# If you think hookjaws cutt was big you should see these hogs



## rapalahunter (Oct 13, 2007)

Yeah, I'm really bored tonight.

Wish I was doin' a little more of this --\O


----------



## LOAH (Sep 29, 2007)

*rapalahunter*









*WE'RE NOT WORTHY!!! WE'RE NOT WORTHY!!!*


----------



## Grandpa D (Sep 7, 2007)

I'll bet you feed the whole family with that hog! :roll:


----------



## wyogoob (Sep 7, 2007)

You doin' a skin mount or plastic?


----------



## JAT83 (Sep 9, 2007)

wyogoob said:


> You doin' a skin mount or plastic?


You could mount that with hookjaws fish, only it would be the bait in the mount


----------



## rapalahunter (Oct 13, 2007)

JAT83 said:


> You could mount that with hookjaws fish, only it would be the bait in the mount


Classic JAT83 one liner... LOL


----------



## orvis1 (Sep 7, 2007)

Don't share my secret spot! I don't want all my HOGS to be fished out of there!


----------



## rapalahunter (Oct 13, 2007)

Its the middle provo. Its no secret. :roll: 

Oops... sorry Orvis1 -)O(-


----------



## LOAH (Sep 29, 2007)

Hey, do you still talk to that guy? I forgot his username, but I remember he only went fishing a few times and always got skunked until you "showed him the way".

Was it golfmogul?


----------



## rapalahunter (Oct 13, 2007)

The day I found out the old DWR site was deceased I was going on to pm him about another trip. This time to take one of his boys out.

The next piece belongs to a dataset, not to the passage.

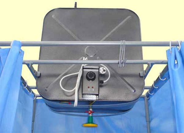 - Réservoir en acier galvanisé conçu pour les douches basses. Il a une forme plate et une courte pomme de douche intégrée. Son volume est de 100 et 200 litres. Un tel réservoir fonctionne par type chaudière et a besoin d'un approvisionnement constant en eau.
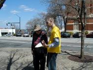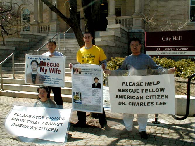 当行人看到展板上亚特兰大学员吕朝晖的妻子周雪菲端正清秀的面庞时,纷纷询问她的情况。吕朝晖向他们介绍道:妻子在未经开庭审判及没有律师辩护的情况下,直接被判三年劳教;如今已经被关超过28个月,在劳教所受到折磨和虐待,并且被强制生产出口产品,现在双目几乎失明。人们听到这些,不停摇头叹息。

Haven't heard from him since. Real nice guy though.


----------



## BrookTroutKid (Oct 10, 2007)

Wow did you hand fish for those cause they look like they wouldn't be able to be hooked by even a tiny fly.


----------



## rapalahunter (Oct 13, 2007)

First fish was a pointer 65 (you can see it in his mouth)

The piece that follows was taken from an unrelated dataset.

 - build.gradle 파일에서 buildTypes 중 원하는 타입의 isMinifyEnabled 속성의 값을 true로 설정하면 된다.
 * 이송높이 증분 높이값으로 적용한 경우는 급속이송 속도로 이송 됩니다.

Last two were mepps #1 gold

Second fish wasn't actually hooked. If you look close you can see some braided line wrapped around his body. He just got all tangled up. :shock: :shock: He went after a mepps as well but just got body wrapped instead?! :shock:


----------



## rapalahunter (Oct 13, 2007)

here's one more. Landed on an F07 rapala... black and gold


----------



## LOAH (Sep 29, 2007)

Hey that's the LP right?

Right across from the Springdell turnoff?


----------



## rapalahunter (Oct 13, 2007)

LOAH- you don't really expect me to reveal my honey hole do you? :wink: 

Its actually up the left fork of hobble creek. I know a guy who knows a guy that lets us fish through his property.


----------



## LOAH (Sep 29, 2007)

Wow. Looks like a place I used to sleep when I was living out of my car for a stint. :shock:


----------



## Nibble Nuts (Sep 12, 2007)

Your forearms must be tired from reeling those beasts in. You might need some new poles as the tension has probably wore them to their breaking point now.


----------



## fixed blade XC-3 (Sep 11, 2007)

I can't speak for you, but last time I caught one even close to that size my back hurt for a weak.  I think I may have even blown out my O-ring.


----------



## rapalahunter (Oct 13, 2007)

Yeah, those monsters really tire a man out...

They are nothing compared to this giant utah lake channel cat:
(Ignore palm trees)


----------



## Nibble Nuts (Sep 12, 2007)

rapalahunter said:


> Yeah, those monsters really tire a man out...
> 
> They are nothing compared to this giant utah lake channel cat:
> (Ignore palm trees)


You just had to give up my catfishing spot. Now everyone knpows that the palm trees were just my place marker.


----------



## JAT83 (Sep 9, 2007)

I remember when that hit the news I couldn't believe it. What was it like 646 pounds? That would be one to mount on the wall :lol:


----------



## BrookTroutKid (Oct 10, 2007)

JAT83 said:


> I remember when that hit the news I couldn't believe it. What was it like 646 pounds? That would be one to mount on the wall :lol:


If the wall could even hold it.


----------



## lionhunter (Sep 11, 2007)

Rapalahunter in this pic you look like you have a little captin in ya. LOL


----------